I took my hand off the sword, and the elder elf slowly faded from in front of me. He waved goodbye, and I waved back. There was a sad smile on his face, and I wondered if he was sad to retreat back to his solitary prison. The feeling of otherness inside my mind slowly faded, but there was still a lingering sense of strangeness that I could feel coming from the blade—as if a tendril of awareness connected us.

I was in a strange mood. I had been told two stories—of vastly different events from two magical beings that I could still hardly believe existed in the same world as I. And if I were to believe Theodmon, he was my blood-related father.

For the last month, I had thought I was the heir of an insane warmonger. But if I were to believe Theodmon—who claimed to be my father—then I was just the result of an accident. I was simply the child of a war that had almost been, not a war that was.

I was lost in my thoughts that night. The way you are when something shifts your perspective so far that you don't know which side your mind is on. So I didn't even notice the men until they had surrounded us.

A gruff voice cracked the silence. It was a deep, mangled, gritty voice full of violence. "What're you doin' here?" it asked.

Naro was quick--despite the fact he had been fast asleep a moment before, and before I could even react, he grabbed his short bow and knocked an arrow before I could even get up. I looked into the darkness but couldn't see anything.
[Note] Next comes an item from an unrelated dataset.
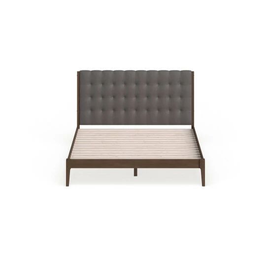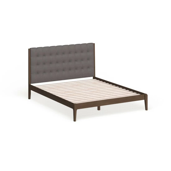 Add mid-century modern style to your bedroom with this lovely Forshaga bed from Carson Carrington. Made from rubberwood, hardwood, and LVL, and upholstered in polyester, available in grey or charcoal color, the charming bed is designed to be used without the need for a box spring. The rectangular headboard features a cushioned panel and grid-tufting for a look that complements the wood base, and completes the attractive feel of this trendy bed.

A hoarse chuckle erupted from the voice. Then, a huge shadowed figure flattened the long yellow grass only a few feet away from me, and I gazed up to see the biggest man I had ever seen. It was as if a man had been built with logs, with a huge chest and shoulders nearly as long as a man's arm span.

I looked at his face and wished I hadn't. I hadn't seen many, but I knew that this was the face of a killer. If there was a road, this man had worn it, and if there was a battle, he seemed to have been a part of it. Two vicious scars ran the length of his face on each side, and his eyes seemed to be nothing more than dark slits. His long greasy hair hung over his forehead, creating shadows in the wrinkles on his face, and I could see that he was not young—more so in his eyes than in his age. He held his huge hands loosely at his hips, and I noticed that one massive paw rested on the hilt of some type of squarish weapon.

"Name's Cleaver." The man didn't say the words with any pomp or posturing; it was just a statement of fact, as if he was someone, and we were all expected to know who he was.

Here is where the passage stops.